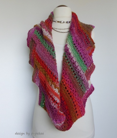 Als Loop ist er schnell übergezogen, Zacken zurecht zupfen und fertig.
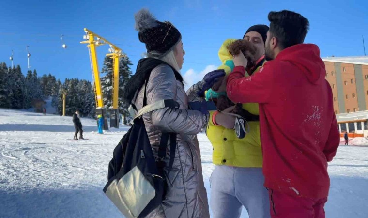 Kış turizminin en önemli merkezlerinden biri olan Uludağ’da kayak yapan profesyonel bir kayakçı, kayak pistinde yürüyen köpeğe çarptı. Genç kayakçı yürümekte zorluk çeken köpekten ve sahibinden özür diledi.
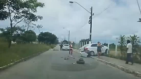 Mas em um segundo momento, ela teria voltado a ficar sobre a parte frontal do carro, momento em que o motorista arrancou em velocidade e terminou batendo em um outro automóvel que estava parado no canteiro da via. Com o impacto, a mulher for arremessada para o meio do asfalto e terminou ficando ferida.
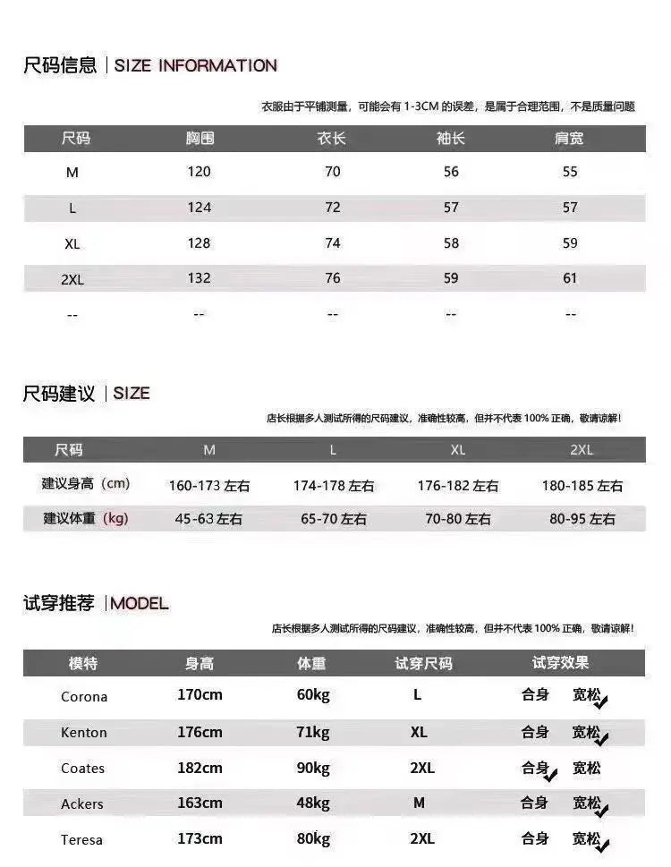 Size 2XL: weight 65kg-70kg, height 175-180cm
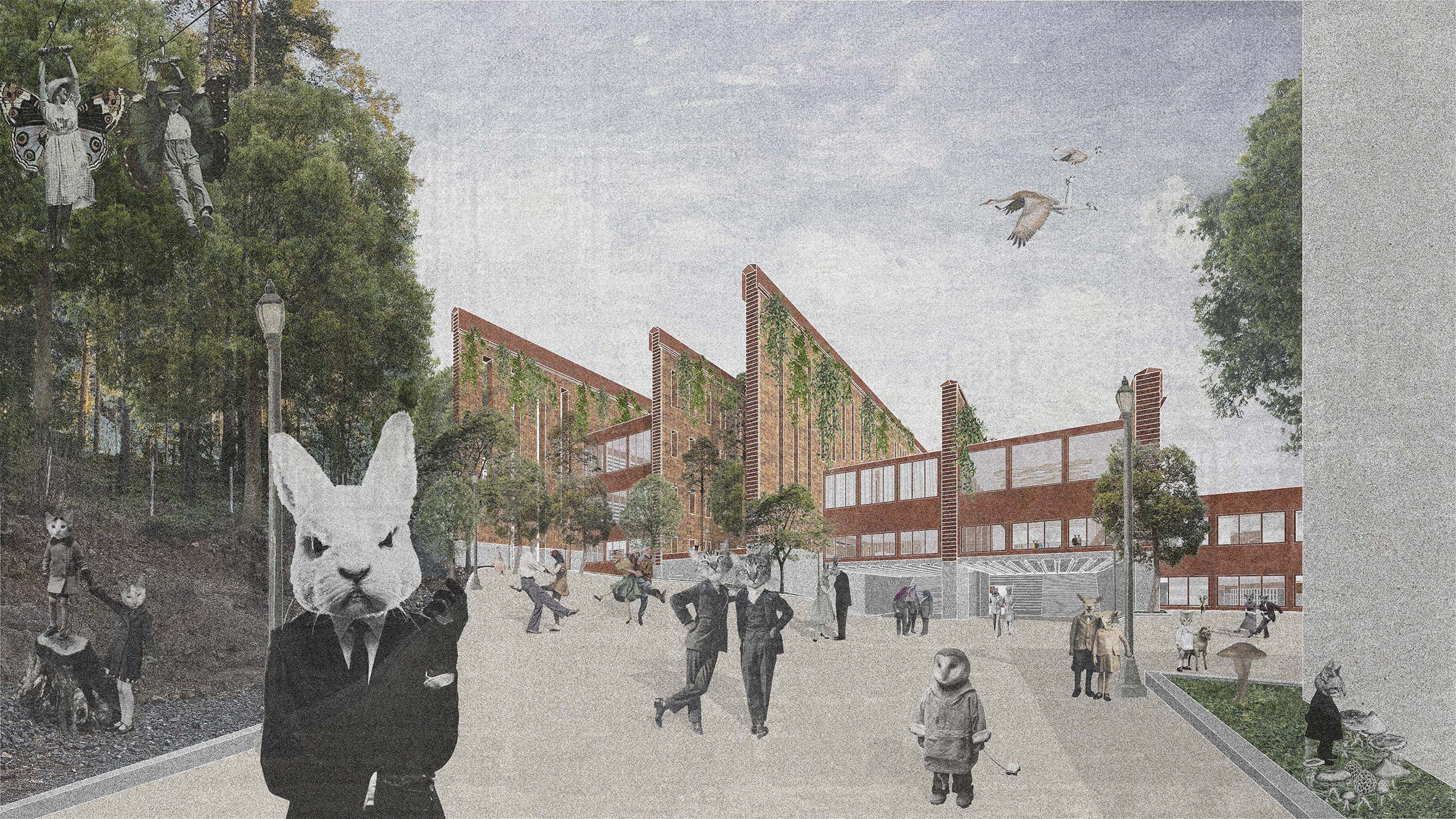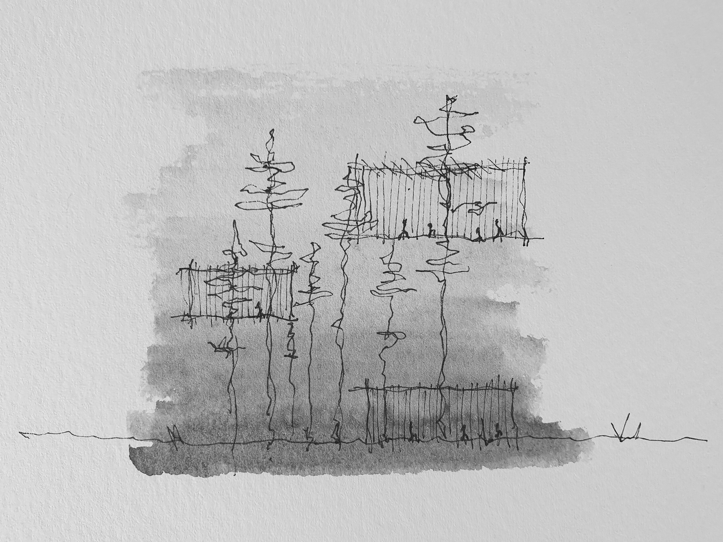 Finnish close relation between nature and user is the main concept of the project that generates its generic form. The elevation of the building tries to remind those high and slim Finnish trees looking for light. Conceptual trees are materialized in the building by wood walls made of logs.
···
▶ **Directions**
Give back the full listing word for word, with the pictures left out.

▶ **Solution to the exercise**
 Als Loop ist er schnell übergezogen, Zacken zurecht zupfen und fertig.
 Kış turizminin en önemli merkezlerinden biri olan Uludağ’da kayak yapan profesyonel bir kayakçı, kayak pistinde yürüyen köpeğe çarptı. Genç kayakçı yürümekte zorluk çeken köpekten ve sahibinden özür diledi.
 Mas em um segundo momento, ela teria voltado a ficar sobre a parte frontal do carro, momento em que o motorista arrancou em velocidade e terminou batendo em um outro automóvel que estava parado no canteiro da via. Com o impacto, a mulher for arremessada para o meio do asfalto e terminou ficando ferida.
 Size 2XL: weight 65kg-70kg, height 175-180cm
 Finnish close relation between nature and user is the main concept of the project that generates its generic form. The elevation of the building tries to remind those high and slim Finnish trees looking for light. Conceptual trees are materialized in the building by wood walls made of logs.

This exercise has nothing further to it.